Friday, June 15, 2007

Don’t publicly criticize Catholic Church, theologians warned

In his presidential address to the Catholic Theological Society of America, theologian Daniel K. Finn warned the society against issuing public statements critical of church policies or church authorities.

"The problem is that these statements become the public face of the CTSA for nearly everyone who doesn't attend our conventions," he said.

"Taken together, they present us as individuals who come together as a group primarily to defend ourselves against hierarchical authority."

"We insiders know this is only a small part of what we are up to," he added. "But no group can control its public image completely, and in my opinion we have done too little thinking about this."
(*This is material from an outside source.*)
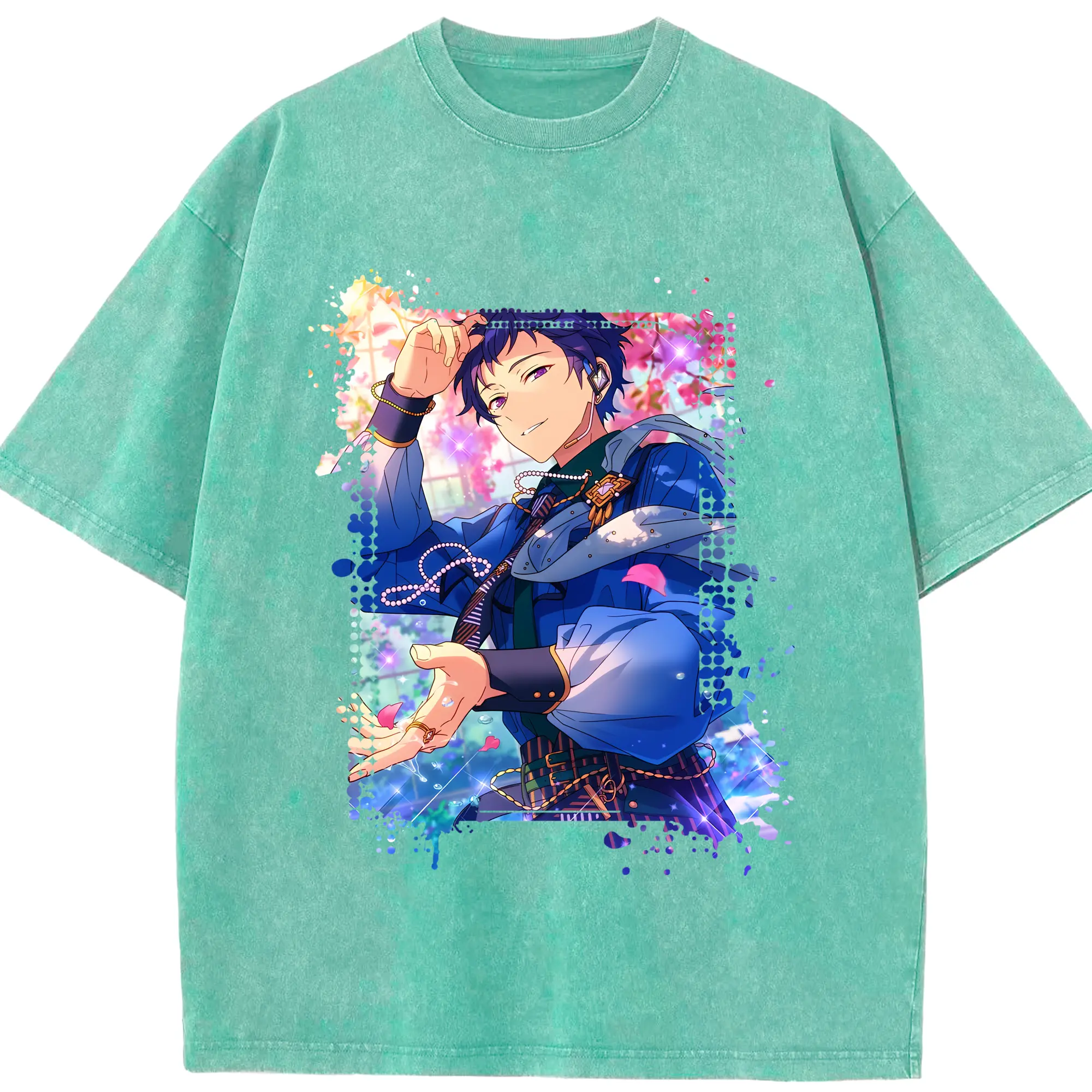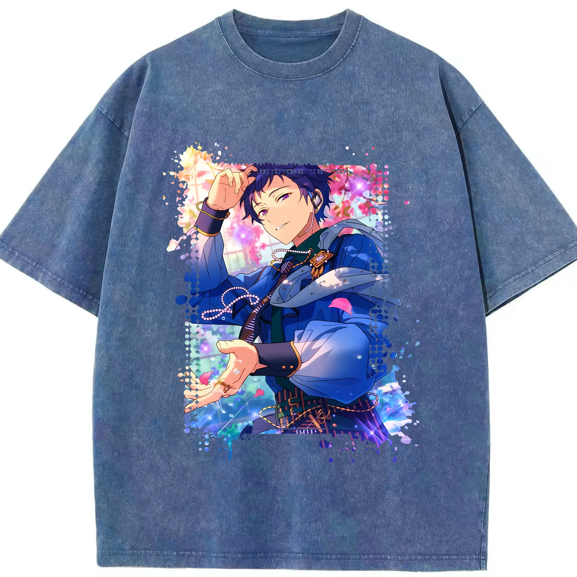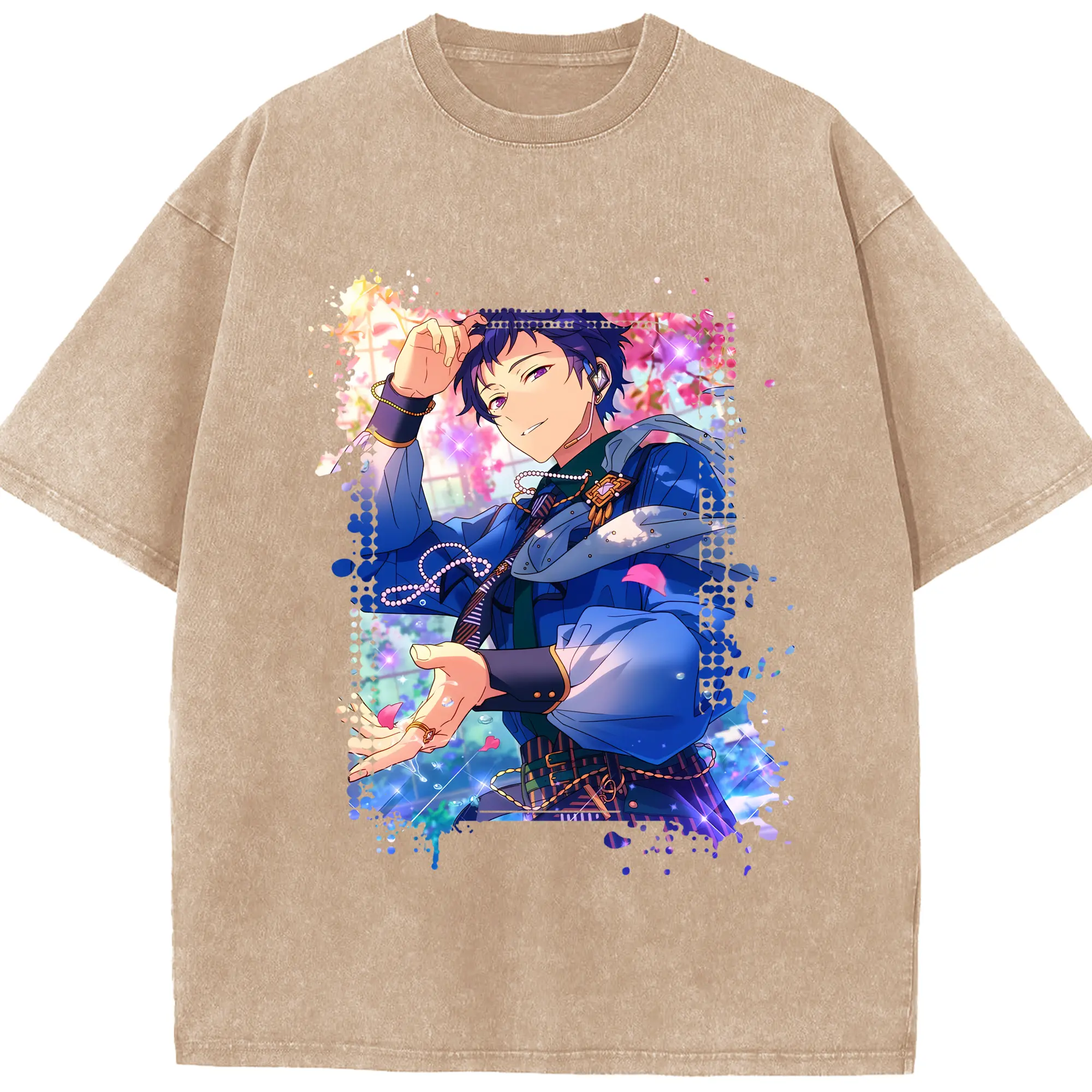 あんさん ぶる グッズ fine 伏見弓弦 - 綿100% ヴィンテージ風 半袖Tシャツ ・ 背面プリント ・ 柔らか肌触り ・ 通気性 快適 ・ スポーツ カジュアル 外出用

Finn, who teaches theology and economics at St. John's University in Collegeville, Minn., spoke on the final day of the society's June 7-10 annual convention in Los Angeles.

Two years ago the society's board of directors expressed strong "distress" at the Vatican's condemnation of a book by American Jesuit Father Roger Haight.
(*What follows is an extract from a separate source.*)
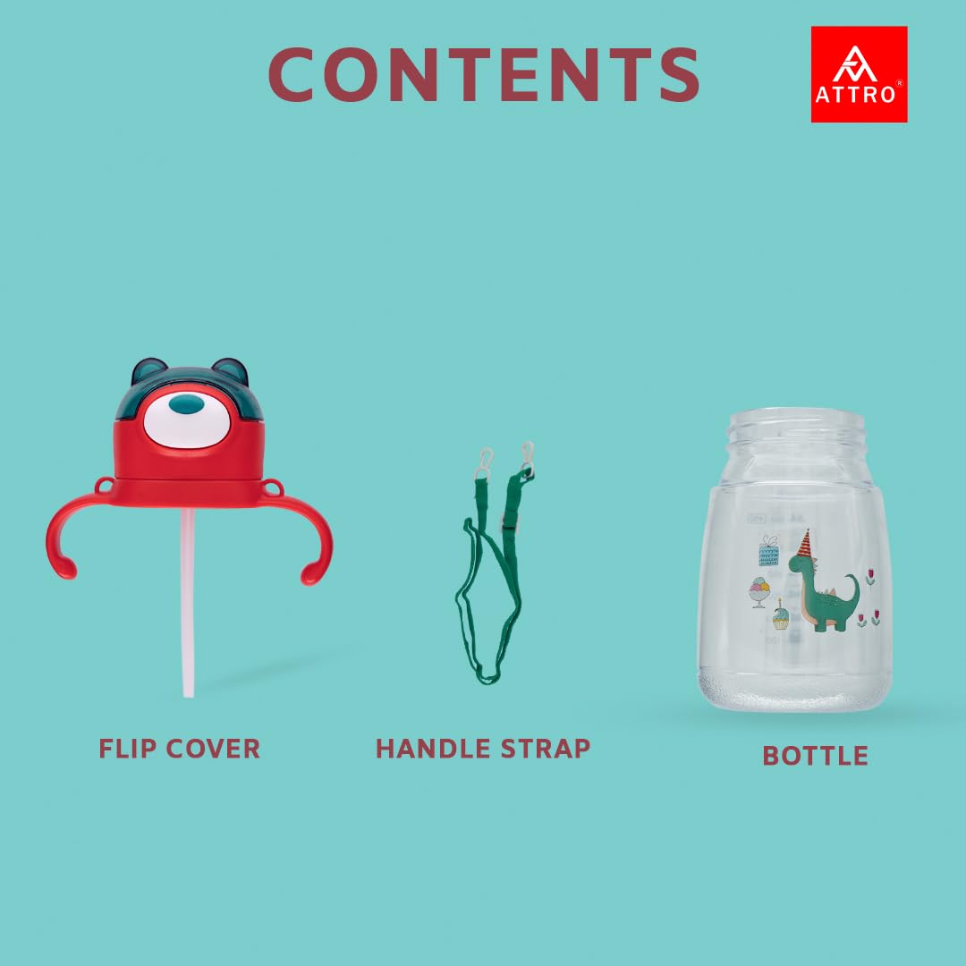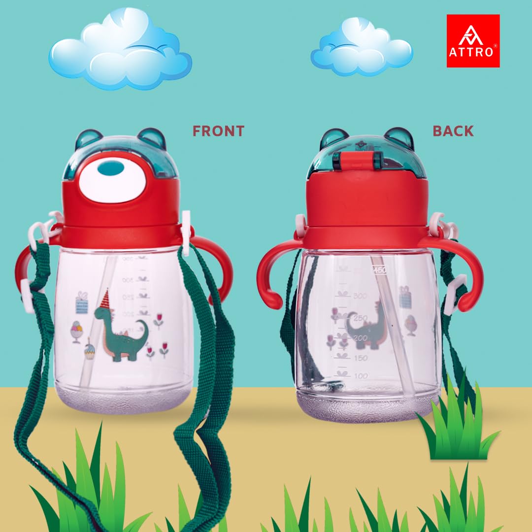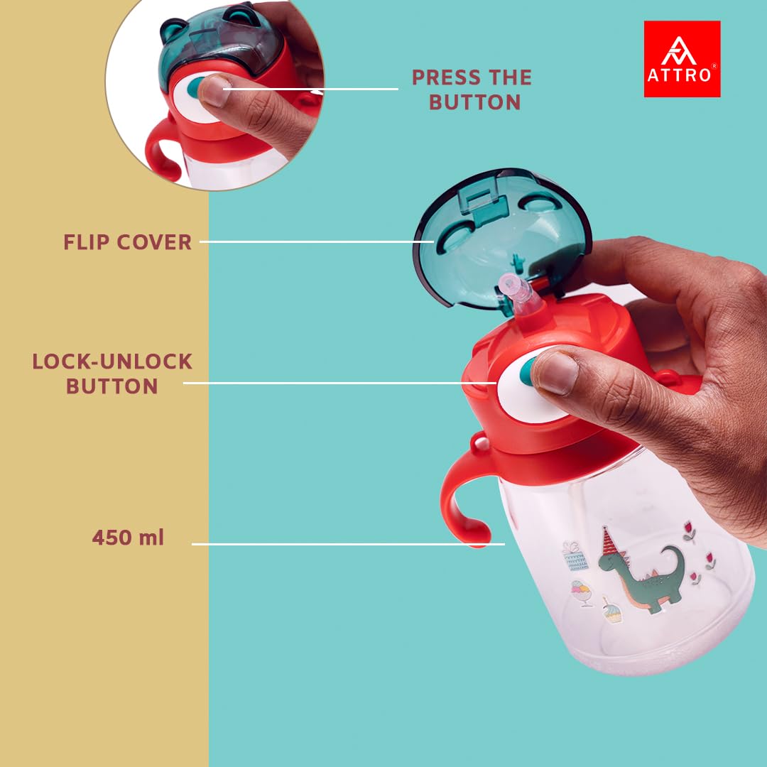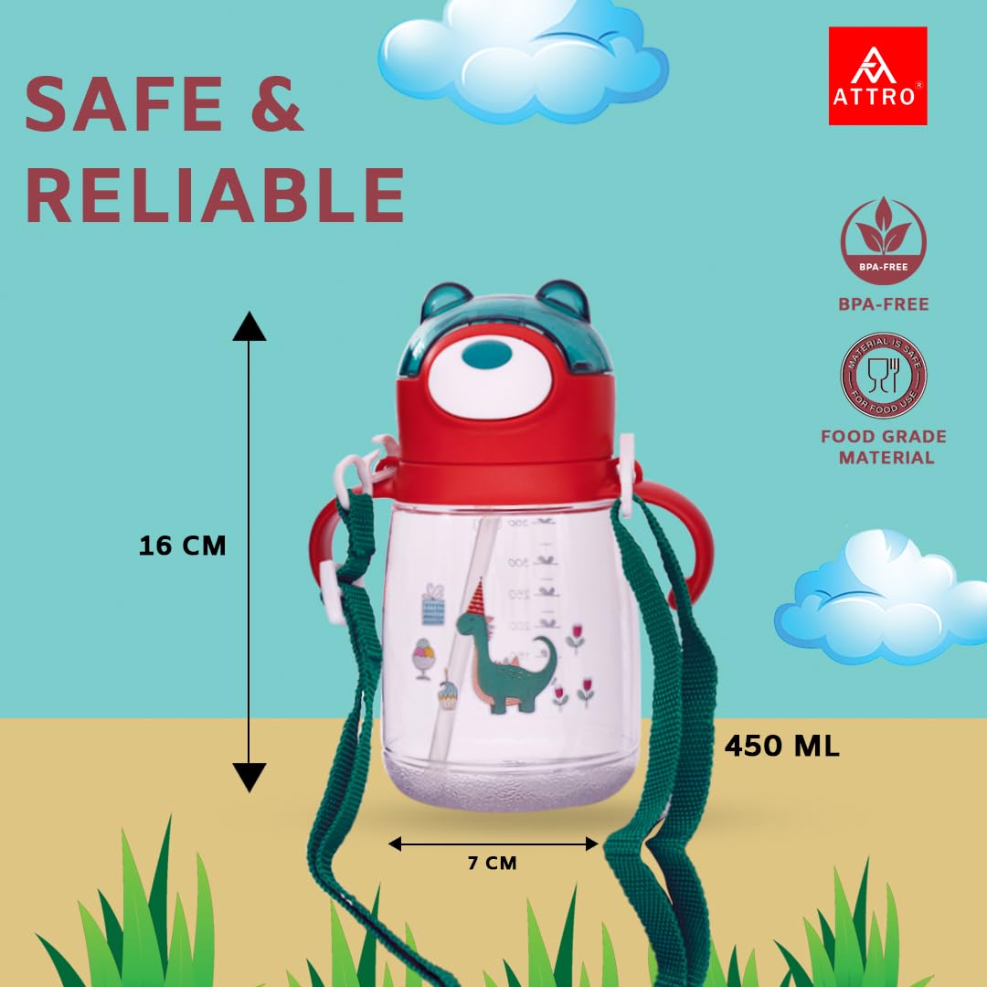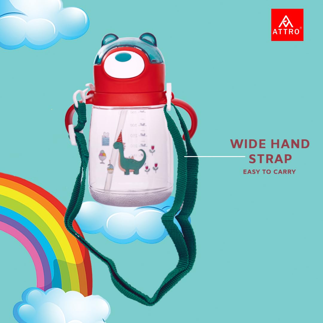 Attro Jolly 450ml Cute and Convenient Cartoon Printed Toddlers Learn Tranning Plastic Bottle with Two Side Handles & Straw Lid BPA-FreeLeak-ProofEasy to Clean-Perfect for SchoolOutdoorRed

In 2000, a report from a society committee, headed by Finn, expressed ongoing concern about church policy requiring that Catholic theologians have a "mandatum," or authorization to teach, from the local bishop.

In 1998, a society task-force report questioning the level of authority of church teaching that women cannot be ordained priests was widely reported and interpreted as challenging the teaching itself.
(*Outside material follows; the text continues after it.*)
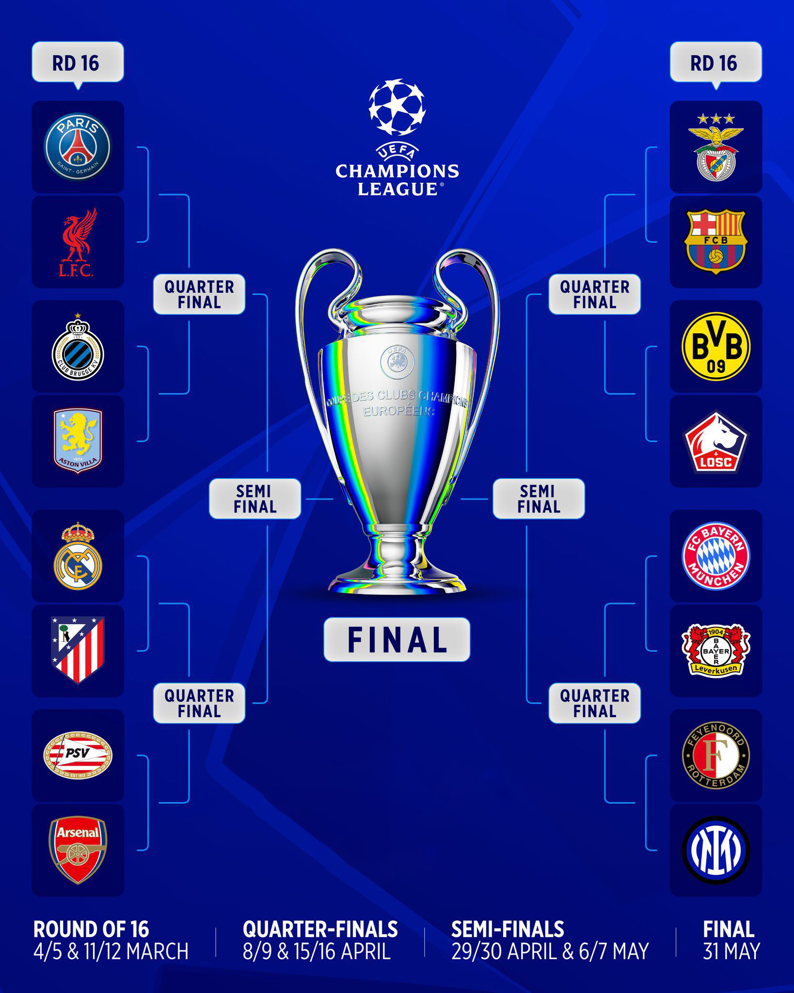 ریال مهدریدی پاڵهوانی پازده جاری چامپیۆنزلیگ و پاڵهوانی وهشانی رابردوو له یاریی لوتكهی قۆناخی شازده رووبهرووی ئاتڵێتیكۆ مهدریدی هاونیشتمانی دهبێتهوه و له دێربی مهدرید رووبهروو دهبنهوه، براوهی نێوانیشیان رووبهرووی براوهی یارییهكهی ئارسێناڵی ئینگلیزی و ئایندهۆڤینی هۆڵهندی دهبێتهوه.

The women's ordination report and other issues with the 1998 convention led Jesuit Father (now Cardinal) Avery Dulles to criticize the society for "theological dissent" and to call for it "to clarify or restore its Catholic character." Society leaders said Father Dulles had not attended the convention he criticized and had misrepresented its proceedings.

Finn's presidential address focused on the need for theological reflection on the nature of power and its use.

"My own guess is that the church, and Catholic theology more generally, has not understood power with sufficient descriptive accuracy," he said. "It is a more pervasive and far more important part of organizational life than theology has usually recognized.

His comments on the society's public stances came near the end, almost as a footnote, although they immediately became a focus of media attention -- in a sense proving what Finn was saying.
"Outside commentators have often not read our statements carefully and have often attributed to them views not expressed there," he said. "But even this is a lesson in power."

"It's difficult enough to achieve mutual understanding in a one-to-one conversation," he said.

"In public relationships, it's much more difficult and it's a big mistake to presume that the other will hear exactly what we intend to say.

"Whether an organization like the CTSA can influence 'public' understanding depends not just on the words we use but on the pre-existing institutional relationships -- including the electronic and print media -- that will interpret our words and in most cases make only some of them public. ... It would be naive for us to craft statements without gauging their public effect," Finn said.

The problem, he said, is not that CTSA statements have been "erroneous."

"The problem is that these statements become the public face of the CTSA for nearly everyone who doesn't attend our conventions," he said.

Finn said the society's reputation for statements critical of church authorities also has had an "internal cost."

"Put simply, there are a lot of conservative theologians who used to attend the CTSA convention who no longer do," he said. "A goodly number are no longer members."

He said the society "should be the place where Catholic theologians from all perspectives within the church come to do their theology."

"Our church is wracked by divisions caused in part by ideological simplicities -- on all sides -- that a professional society like ours can challenge and improve," he said.

"Our church and our world need a broader dialogue within the church than is occurring today. I judge that part of the price of achieving that dialogue is making fewer statements that defend theologians against ecclesiastical power."